In the Helly fixed tissue, stained with Giemsa, the granules of the blood granulocytes stain either blue or red, depending upon the phase of development of the cells. The majority of the cells at this stage contain red-staining granules; a few contain only unripe blue staining granules; and a certain number have mixed granules, including all phases of the ripening process of an eosinophil granule. The nucleus also stains a deep blue. The primordial germ-cell of this tissue, on the contrary, has a light bluish-pink-staining nucleus, with a deep purple nucleolus. The cytoplasm of the germ-cell is vacuolated, the vacuoles being the negative of the dissolved yolk-globules; and it has a coarsely reticular character in consequence, and stains only faintly pink.
Already, from a study of only this stage of development, much information can be gained concerning the fact, route, and method of the migration of the germ-cells from the gut entoderm to the peritoneal epithelium of the gonad. It may be stated here that at no stages studied was any primordial germ-cell, with two exceptions, ever seen in a blood-vessel. The blood-channels in this form evidently do not greatly assist in the transfer of the germ-cells to the sex-gland, contrary to what Swift has demonstrated for the chick; nor has such a route been advocated for any other form except duck (von Berenberg Gossler) ; but that the cells do migrate is indicated by the different locations occupied, progressively nearer the genital ridge, corresponding with successively later developmental stages, and that the migration is the result of an inherent amceboid capacity is shown by the various shapes assumed by these cells (figs. 3 aa, 3 ab, plate 1); and the path of migration is quite clearly indicated by the pointed condition of the forward end, combined with the altered (flattened and distorted) condition of the cells lying directly in the path of progression. For instance, the primordial germ-cells among the entodermal cells of the closed hind-gut in the 11-day embryo are surrounded by entodermal cells which have become crowded, flattened, and distorted on either side as if through pressure by a cell which enlarged and assumed a spherical shape in situ. The similarity in structure and staining reac tion between the germ-cells and the entodermal cells, a similarity which becomes progressively closer as earlier stages are approached, seems to speak in favor of an entodermal origin of the germ-cells or a close genetic relationship between entoderm and germ-cells. When
the germ-cell lies near the basement membrane of the primitive gut entoderm, the cellular distortion is such as would be caused by a cell migrating from the entoderm into the surrounding mesenchyma. Occasionally a germ-cell can be seen partially within the entoderm and partially within the mesenchyma, an observation which proves a migratory process; and the manner of the distortion of the mesen chymal cells shows that this migration is in a peripheral direction.
Within the mesenchyma of the gut and the mesentery the distortion and flattening of the cells are generally in the direction of the root of the mesentery, thus showing a migratory progression in that direction. Occasional cells, judged by this criterion, are moving towards the mesothelial layer of the mesentery (figs. 3 aa, 3 ab, plate 1). Occasional cells are also found among the cells of the peritoneal epithelium of the genital ridge. In the region of the angle between the root of the mesentery and the gonad, and again within the mesenchyma of the sexual gland, the shape of cell and the distortion of the adjacent mesen chymal nuclei are such as to indicate a ventro-medial progression to the surface of the gonad, where the germ-cells come to rest among the peritoneal cells (fig. 2, plate 1). Figure 3ac, plate 1, shows a germ-cell similarly located, but almost completely filled with a huge yolk-mass.
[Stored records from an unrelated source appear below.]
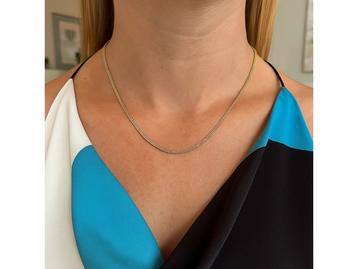 Franco chain crafted in 14k yellow gold measuring 0.90 millimeters in width. Available in lengths 16 inches, 18 inches and 20 inches.
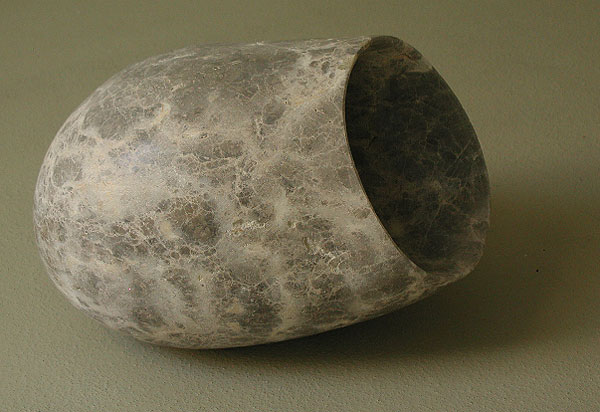 Stein gilt oft als Metapher der Stille, als tote Materie. "Bubbles" lässt jedoch fünf organisch geformte Steine, die an einer Seite geöffnet und ausgehöhlt sind, lebendig erscheinen. Obwohl das Material sehr hart ist, wirkt es durch seine wolkige Struktur eher weich. Und obwohl die Öffnungen wie Münder wirken, ist der Laut, den sie sichtbar von sich geben, wie eingefroren. Werden die Steine jedoch angestoßen, bewegen sie sich hin und her und geben dabei Geräusche von sich. Die Spannung der Gegensätze von hart und weich, von laut und leise, von starr und bewegt bietet einen emotionalen Zugang - es entsteht ein Dialog zwischen Materie und Betrachter.
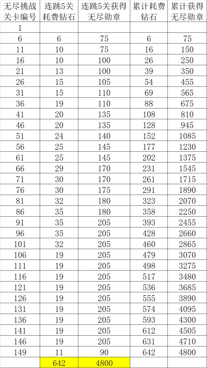 无尽挑战 149关跳关耗钻石和获勋章数据统计
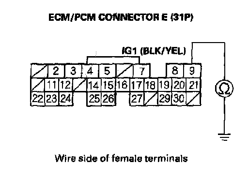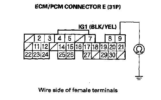 35. Check for continuity between ECM/PCM connector terminal E9 and body ground.
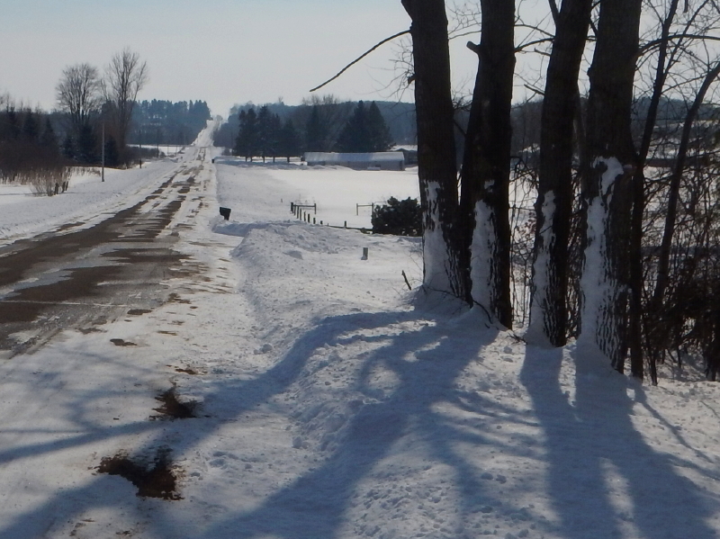 I took a picture to show how far snow flies off the township snowplow blade. That’s what I wish my little ATV plow blade could do. That’s not possible now that the banks on either side of our driveway are taller than the blade can throw. Guess I should have gotten that snowblower after all.
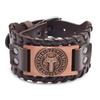 HNSP Wolf Rune Wrap Viking Leather Bracelet For Men Vintage Wide Bracelet Male Accessory
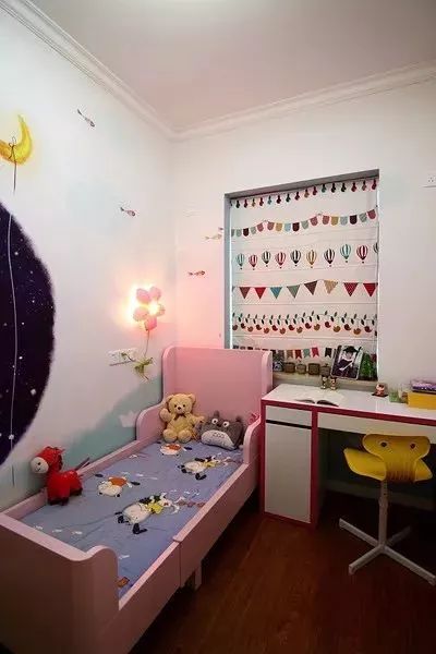 儿童房的粉色小窗,还可以变长缩短,根据孩子的年龄成长来推拉,孩子较小的时候就收起来,腾出更多的活动空间;而床边的这面墙,也是以可爱童趣的图案打造,搭配童趣的气球灯,显得格外的浪漫情趣;
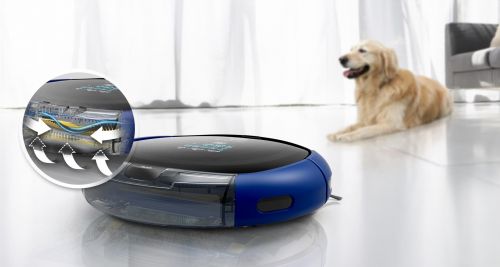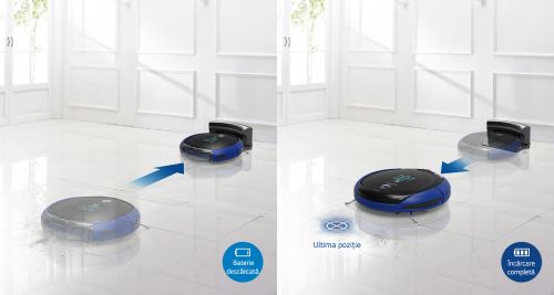 Când încărcătura bateriei scade, aparatul se deplasează automat la stație pentru a se reîncărca. Odată încărcat revine la ultima sa poziție și continuă curățenia.
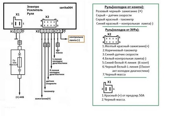Установка простая: снимаем рулевую колонку, карданчик, и проставку. Проставка нужна для рулевой колонки без ЭУРа. Можно ставить ЭУР и новый карданчик. Для других моделей ВАЗ нужна переходная пластина насколько мне известно. Но думаю, ее не сложно сделать, если есть материал. В блоке ЭУР два разъема. Первый - с толстыми «плюс» и «минус». Второй - на датчики и диагностику. «Плюс» идет прямо на аккум, минус - можно на аккум, а можно на массу (кузов).

The germ-cells are apparently most abundant at about the 11-day stage. This increase is probably merely apparent, due to the segrega tion of the cells within relatively more restricted and conspicuous limits, viz, gut and mesentery. During earlier stages (to the seventh day), when the gut is still entirely open over the yolk, their distribution is scattered over a wider area; also in later stages, when they have taken their definite position within the enlarged gonad. The number of germ-cells in the 11-day embryo, all situated behind the level of the cephalic tip of the pronephric duct, is approximately 400. Only an occasional cell may be seen at this stage in mitosis. Similarly, during the later stages mitosis is a very rare occurrence. In the stages of 2 to 4 days a few of the germ-cells are in process of division among the entodermal cells. Cells in division are apparently of smaller size and contain relatively little yolk.